*EXERCISE DETAILS:* Everything in the data below is left aside except the lines from the one containing "- Контроль рабочих" through the one containing "Join us for"; repeat those exactly.
*** DATASET CONTENT Section Begins ***
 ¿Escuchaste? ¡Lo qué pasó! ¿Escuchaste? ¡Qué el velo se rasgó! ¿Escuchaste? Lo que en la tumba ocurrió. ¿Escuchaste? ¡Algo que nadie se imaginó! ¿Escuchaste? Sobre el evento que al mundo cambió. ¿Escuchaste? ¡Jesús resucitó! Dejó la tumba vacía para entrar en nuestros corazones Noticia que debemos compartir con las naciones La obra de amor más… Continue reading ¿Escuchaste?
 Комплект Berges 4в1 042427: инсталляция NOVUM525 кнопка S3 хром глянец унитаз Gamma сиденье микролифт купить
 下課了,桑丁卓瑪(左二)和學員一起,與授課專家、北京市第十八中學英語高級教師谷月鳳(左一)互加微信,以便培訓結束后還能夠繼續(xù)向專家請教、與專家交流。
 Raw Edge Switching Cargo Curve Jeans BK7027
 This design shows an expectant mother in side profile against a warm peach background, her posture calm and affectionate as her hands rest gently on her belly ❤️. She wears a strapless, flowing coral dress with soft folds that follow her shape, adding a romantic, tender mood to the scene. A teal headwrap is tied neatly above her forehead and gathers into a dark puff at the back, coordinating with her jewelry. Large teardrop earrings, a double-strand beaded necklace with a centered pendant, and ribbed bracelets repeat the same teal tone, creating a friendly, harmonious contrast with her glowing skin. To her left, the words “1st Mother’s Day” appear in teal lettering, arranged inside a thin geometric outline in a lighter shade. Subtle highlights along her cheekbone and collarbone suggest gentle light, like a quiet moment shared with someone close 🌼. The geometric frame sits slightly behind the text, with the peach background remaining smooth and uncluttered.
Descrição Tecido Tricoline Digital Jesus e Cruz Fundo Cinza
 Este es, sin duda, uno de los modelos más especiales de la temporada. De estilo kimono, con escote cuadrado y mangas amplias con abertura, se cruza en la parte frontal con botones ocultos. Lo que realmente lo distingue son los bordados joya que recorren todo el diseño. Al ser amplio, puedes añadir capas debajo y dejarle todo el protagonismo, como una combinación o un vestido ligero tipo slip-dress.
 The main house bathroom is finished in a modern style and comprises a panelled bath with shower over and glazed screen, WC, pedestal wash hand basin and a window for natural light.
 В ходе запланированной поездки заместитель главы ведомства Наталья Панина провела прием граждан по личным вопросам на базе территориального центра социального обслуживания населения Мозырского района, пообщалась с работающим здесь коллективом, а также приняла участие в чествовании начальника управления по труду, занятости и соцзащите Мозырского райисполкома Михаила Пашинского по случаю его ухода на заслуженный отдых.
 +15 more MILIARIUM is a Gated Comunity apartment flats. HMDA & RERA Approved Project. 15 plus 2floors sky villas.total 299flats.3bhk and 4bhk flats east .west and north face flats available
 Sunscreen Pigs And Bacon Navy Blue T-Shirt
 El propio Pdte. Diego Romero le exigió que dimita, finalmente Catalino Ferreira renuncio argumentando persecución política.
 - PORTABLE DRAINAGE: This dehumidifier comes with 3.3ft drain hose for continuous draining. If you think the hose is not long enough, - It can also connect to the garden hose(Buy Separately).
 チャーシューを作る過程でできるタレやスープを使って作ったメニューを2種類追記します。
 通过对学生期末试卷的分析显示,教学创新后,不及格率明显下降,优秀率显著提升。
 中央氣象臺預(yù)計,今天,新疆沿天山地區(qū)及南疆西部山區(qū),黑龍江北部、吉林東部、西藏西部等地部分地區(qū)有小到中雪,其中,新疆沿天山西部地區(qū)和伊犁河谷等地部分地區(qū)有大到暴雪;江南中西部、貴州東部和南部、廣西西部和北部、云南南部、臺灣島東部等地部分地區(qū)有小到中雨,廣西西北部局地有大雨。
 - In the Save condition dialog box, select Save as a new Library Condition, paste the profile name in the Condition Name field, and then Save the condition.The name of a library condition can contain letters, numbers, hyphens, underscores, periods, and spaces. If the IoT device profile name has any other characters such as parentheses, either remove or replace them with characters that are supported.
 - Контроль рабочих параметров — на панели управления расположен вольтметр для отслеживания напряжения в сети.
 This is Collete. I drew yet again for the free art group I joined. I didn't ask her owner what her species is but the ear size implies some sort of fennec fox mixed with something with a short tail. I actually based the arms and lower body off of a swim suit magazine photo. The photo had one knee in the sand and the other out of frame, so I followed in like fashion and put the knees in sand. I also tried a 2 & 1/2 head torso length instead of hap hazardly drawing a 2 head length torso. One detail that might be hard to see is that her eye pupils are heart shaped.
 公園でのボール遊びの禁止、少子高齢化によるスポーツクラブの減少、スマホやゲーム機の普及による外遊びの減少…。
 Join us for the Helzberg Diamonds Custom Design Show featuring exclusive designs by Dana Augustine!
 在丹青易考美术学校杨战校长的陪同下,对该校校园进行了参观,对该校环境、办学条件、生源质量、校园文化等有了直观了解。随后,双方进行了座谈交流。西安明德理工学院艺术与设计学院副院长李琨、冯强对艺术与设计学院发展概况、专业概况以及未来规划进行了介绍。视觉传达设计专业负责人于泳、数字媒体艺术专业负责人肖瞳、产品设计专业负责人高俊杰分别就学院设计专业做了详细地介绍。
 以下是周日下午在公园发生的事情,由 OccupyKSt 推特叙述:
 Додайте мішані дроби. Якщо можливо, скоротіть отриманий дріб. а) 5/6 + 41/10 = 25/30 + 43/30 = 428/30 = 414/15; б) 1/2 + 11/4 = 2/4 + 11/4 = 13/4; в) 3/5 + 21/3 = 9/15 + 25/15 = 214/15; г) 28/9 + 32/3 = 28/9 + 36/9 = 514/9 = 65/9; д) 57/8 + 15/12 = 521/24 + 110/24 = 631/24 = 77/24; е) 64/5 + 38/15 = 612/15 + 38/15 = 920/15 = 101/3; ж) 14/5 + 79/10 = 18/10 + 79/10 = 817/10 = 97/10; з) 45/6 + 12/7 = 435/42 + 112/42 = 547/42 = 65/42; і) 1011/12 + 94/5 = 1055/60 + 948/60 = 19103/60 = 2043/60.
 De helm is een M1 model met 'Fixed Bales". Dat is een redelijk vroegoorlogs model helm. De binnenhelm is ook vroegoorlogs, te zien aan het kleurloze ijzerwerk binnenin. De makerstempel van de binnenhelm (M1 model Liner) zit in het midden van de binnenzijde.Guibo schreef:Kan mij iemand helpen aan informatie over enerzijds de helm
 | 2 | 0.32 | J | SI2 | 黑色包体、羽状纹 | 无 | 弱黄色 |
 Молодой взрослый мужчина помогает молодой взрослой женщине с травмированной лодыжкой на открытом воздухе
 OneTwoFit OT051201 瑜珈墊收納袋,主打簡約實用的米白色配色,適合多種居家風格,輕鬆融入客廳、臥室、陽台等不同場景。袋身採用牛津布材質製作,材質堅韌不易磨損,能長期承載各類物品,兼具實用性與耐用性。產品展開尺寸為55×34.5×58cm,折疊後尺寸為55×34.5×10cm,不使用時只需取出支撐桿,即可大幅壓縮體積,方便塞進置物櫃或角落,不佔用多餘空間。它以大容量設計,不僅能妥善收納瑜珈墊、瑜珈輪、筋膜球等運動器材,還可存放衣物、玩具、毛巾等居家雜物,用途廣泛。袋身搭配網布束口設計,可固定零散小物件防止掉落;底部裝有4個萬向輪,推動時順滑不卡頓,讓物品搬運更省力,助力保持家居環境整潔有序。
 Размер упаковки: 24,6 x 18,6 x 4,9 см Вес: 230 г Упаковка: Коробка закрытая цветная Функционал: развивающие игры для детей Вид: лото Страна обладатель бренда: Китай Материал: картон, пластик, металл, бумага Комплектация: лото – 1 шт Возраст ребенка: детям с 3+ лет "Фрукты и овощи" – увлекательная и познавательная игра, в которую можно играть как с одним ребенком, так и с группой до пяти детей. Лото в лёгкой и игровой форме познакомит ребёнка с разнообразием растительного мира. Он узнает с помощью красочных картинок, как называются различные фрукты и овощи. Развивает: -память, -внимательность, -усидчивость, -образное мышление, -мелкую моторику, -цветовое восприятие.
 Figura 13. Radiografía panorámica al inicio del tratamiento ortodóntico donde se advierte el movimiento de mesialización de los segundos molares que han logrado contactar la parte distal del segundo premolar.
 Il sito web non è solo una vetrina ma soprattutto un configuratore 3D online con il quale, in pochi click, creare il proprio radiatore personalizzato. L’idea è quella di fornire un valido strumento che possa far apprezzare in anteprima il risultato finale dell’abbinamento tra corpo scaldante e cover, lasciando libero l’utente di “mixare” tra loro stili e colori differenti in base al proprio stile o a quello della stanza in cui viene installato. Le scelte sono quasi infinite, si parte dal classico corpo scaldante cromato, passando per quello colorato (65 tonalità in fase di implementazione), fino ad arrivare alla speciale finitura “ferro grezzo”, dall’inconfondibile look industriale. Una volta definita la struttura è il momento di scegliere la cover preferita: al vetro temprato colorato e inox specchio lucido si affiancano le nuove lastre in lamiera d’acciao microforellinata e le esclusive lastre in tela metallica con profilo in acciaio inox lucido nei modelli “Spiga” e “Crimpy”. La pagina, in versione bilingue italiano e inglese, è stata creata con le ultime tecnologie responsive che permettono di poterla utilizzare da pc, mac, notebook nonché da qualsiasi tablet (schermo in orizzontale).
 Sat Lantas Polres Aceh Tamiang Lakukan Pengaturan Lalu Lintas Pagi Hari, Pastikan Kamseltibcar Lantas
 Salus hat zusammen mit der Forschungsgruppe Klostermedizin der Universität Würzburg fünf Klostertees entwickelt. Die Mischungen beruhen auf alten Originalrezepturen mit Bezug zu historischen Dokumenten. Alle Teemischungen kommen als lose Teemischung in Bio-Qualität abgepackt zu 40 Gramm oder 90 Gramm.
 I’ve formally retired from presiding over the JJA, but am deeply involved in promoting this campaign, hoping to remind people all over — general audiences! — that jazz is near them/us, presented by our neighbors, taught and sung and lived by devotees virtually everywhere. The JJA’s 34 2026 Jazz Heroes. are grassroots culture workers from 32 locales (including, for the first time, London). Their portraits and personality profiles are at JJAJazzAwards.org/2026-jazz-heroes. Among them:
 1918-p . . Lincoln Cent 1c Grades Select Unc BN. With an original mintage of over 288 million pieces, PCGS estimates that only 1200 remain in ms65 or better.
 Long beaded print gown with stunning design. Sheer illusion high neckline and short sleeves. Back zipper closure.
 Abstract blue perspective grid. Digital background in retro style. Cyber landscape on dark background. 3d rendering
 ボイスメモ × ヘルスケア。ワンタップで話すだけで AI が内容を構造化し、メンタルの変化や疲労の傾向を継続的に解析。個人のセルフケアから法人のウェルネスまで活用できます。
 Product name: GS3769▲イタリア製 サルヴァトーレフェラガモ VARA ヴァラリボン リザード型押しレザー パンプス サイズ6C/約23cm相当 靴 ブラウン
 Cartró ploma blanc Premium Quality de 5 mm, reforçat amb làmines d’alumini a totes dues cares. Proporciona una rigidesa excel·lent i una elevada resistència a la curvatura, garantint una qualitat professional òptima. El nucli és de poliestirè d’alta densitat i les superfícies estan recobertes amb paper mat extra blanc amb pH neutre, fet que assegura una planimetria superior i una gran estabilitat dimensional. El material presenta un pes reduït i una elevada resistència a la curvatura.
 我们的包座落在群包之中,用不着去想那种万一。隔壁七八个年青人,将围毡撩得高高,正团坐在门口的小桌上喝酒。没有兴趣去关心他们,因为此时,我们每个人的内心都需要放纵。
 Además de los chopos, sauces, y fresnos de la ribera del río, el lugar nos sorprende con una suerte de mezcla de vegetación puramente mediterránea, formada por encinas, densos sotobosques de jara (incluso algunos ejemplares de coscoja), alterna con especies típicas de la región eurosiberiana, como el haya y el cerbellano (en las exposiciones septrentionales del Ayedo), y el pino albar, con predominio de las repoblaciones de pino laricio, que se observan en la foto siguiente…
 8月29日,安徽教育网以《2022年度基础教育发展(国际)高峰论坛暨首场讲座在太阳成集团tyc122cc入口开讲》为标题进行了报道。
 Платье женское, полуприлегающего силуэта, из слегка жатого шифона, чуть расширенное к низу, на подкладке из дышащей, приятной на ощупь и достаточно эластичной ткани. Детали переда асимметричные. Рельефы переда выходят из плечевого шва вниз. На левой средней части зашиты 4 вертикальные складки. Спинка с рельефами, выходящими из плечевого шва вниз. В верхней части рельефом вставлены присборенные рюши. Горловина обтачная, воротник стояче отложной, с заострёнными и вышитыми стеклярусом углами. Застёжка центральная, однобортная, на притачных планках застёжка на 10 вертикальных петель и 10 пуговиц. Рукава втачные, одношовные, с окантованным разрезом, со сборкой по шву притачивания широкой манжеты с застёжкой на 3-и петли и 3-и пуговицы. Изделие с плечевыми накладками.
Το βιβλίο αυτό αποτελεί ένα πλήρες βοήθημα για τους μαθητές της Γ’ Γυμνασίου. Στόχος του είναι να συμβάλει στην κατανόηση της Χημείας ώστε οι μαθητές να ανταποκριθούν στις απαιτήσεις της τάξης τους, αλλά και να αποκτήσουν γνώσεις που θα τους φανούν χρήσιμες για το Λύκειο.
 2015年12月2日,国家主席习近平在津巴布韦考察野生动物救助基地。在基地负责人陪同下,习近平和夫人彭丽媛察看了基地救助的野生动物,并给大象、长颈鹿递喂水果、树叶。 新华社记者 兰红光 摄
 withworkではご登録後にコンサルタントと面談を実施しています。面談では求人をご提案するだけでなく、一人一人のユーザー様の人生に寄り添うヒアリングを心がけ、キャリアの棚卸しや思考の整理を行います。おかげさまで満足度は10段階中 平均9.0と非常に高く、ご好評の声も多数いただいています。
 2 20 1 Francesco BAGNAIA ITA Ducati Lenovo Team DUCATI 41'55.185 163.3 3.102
*** DATASET CONTENT Section Ends ***
*RESPONSE TO THE EXERCISE:*
 - Контроль рабочих параметров — на панели управления расположен вольтметр для отслеживания напряжения в сети.
 This is Collete. I drew yet again for the free art group I joined. I didn't ask her owner what her species is but the ear size implies some sort of fennec fox mixed with something with a short tail. I actually based the arms and lower body off of a swim suit magazine photo. The photo had one knee in the sand and the other out of frame, so I followed in like fashion and put the knees in sand. I also tried a 2 & 1/2 head torso length instead of hap hazardly drawing a 2 head length torso. One detail that might be hard to see is that her eye pupils are heart shaped.
 公園でのボール遊びの禁止、少子高齢化によるスポーツクラブの減少、スマホやゲーム機の普及による外遊びの減少…。
 Join us for the Helzberg Diamonds Custom Design Show featuring exclusive designs by Dana Augustine!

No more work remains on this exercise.